Quelle part et quelle attitude du public des lieux culturels ?
Les deux tiers du public des lieux culturels ont assisté à un spectacle vivant, de façon plus ou moins régulière. Près de 37% peuvent être considérés comme des habitués de cette sortie culturelle : ils déclarent l'avoir fréquentée à plusieurs reprises dans l'année, et près de 22% sont des occasionnels puisqu'ils s'y rendent environ une fois par an. 8% assistent à un spectacle moins d'une fois par an, soit de façon exceptionnelle.
Une sortie moins répandue et fréquente que le cinéma
A la lecture des chiffres, il apparaît que les spectacles vivants tiennent une place moins importante que le cinéma dans les sorties culturelles des personnes interrogées. En effet, assister à un spectacle vivant (théâtre, concert, spectacle, etc.) semble constituer une pratique culturelle moins répandue et moins fréquente : un tiers du public des lieux culturels n'assiste jamais à un spectacle ou à un concert (alors que 14,6% seulement d'entre eux ne vont jamais au cinéma) et parmi ceux qui pratiquent cette activité, la fréquence reste modeste puisque près de 30% se rendent à un spectacle de façon occasionnelle ou exceptionnelle (contre 12,5% des spectateurs de cinéma).
Par comparaison, si on prend en compte l'ensemble de la population, le caractère exceptionnel de la fréquentation des lieux de spectacles vivants est encore plus marqué. Selon une enquête de l'ODR sur les loisirs68(*), plus de 60% des Réunionnais n'ont jamais assisté à un spectacle vivant et, sur le plan national, 53% des Français ne seraient pas allés voir un spectacle au cours des douze derniers mois69(*).
* 66 BEDIENGER C., 2003, la fréquentation des lieux culturels, Etudes et Synthèse, N°67, Observatoire du Développement de La Réunion, Saint-Denis de La Réunion.
* 67 Cf. Annexe 3 : Les équipements culturels à La Réunion
* 68 Cité dans BEDIENGER C., 2003, la fréquentation des lieux culturels, Etudes et Synthèse, N°67, Observatoire du Développement de La Réunion, Saint-Denis de La Réunion.
* 69 DONNAT O., 1998 Les pratiques culturelles des français, enquête, Ministère de la Culture et de la Communication, La Documentation Française, Paris, 359p.

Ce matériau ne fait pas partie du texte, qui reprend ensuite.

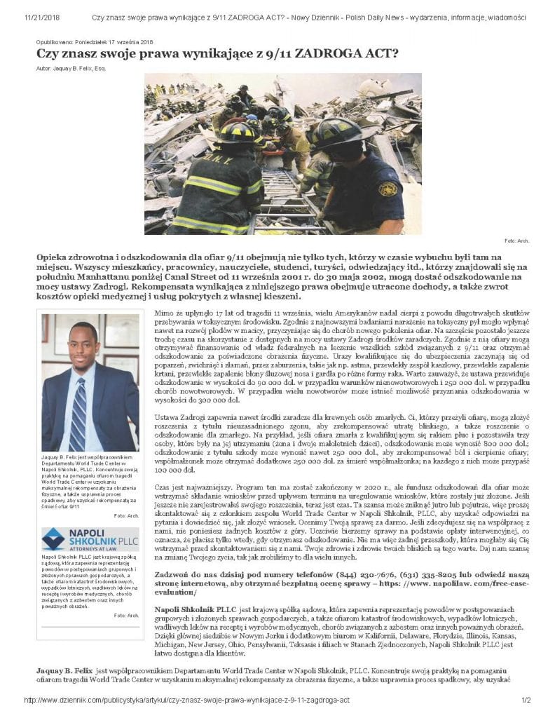 World Trade Center : Odszkodowa-nia dla poszkodowanych w sprawie.

(b) Profil du public des spectacles vivants comparé à celui du cinéma
Assister à un spectacle vivant s'avère être une sortie plus rare que d'aller voir un film sur grand écran. Quel est ce public qui fréquente ces lieux et apparaît-il très différent du public des salles de cinéma ? Il semble que l'intensité de la fréquentation de spectacles et d'équipements culturels dépend de critères de position sociale comme le niveau de diplôme et la catégorie socioprofessionnelle de manière plus prononcée que la fréquentation des cinémas.

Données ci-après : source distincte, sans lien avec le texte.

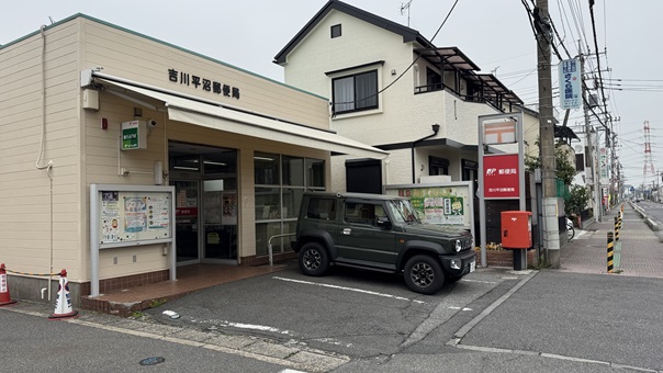 最後は「吉川平沼郵便局」です。ここは商業施設や住宅が並ぶバス通りにある局でした。

Le niveau de diplôme et l'activité professionnelle
Le niveau de diplôme
Plus le niveau de diplôme est élevé, plus les chances de fréquenter les lieux de spectacles vivants augmentent. 51% des individus non diplômés n'y sont jamais allés contre 20% des diplômés de l'enseignement supérieur. Si on compare au cinéma, l'écart est moins creusé.
D'autre part, les plus diplômés ont également une intensité de fréquentation plus élevée: 52% déclarent y assister plusieurs fois par an contre 22,5% des non diplômés. Le niveau d'étude est plus déterminant pour les spectacles vivants que pour le cinéma.
Activité professionnelle
Les cadres, comme pour la fréquentation des cinémas, représentent la catégorie socioprofessionnelle qui assiste le plus à des spectacles et à des concerts : seuls 14% d'entre eux déclarent ne jamais fréquenter les lieux de spectacles vivants et près de 63% sont des familiers de ces équipements puisqu'ils s'y rendent plusieurs fois par an.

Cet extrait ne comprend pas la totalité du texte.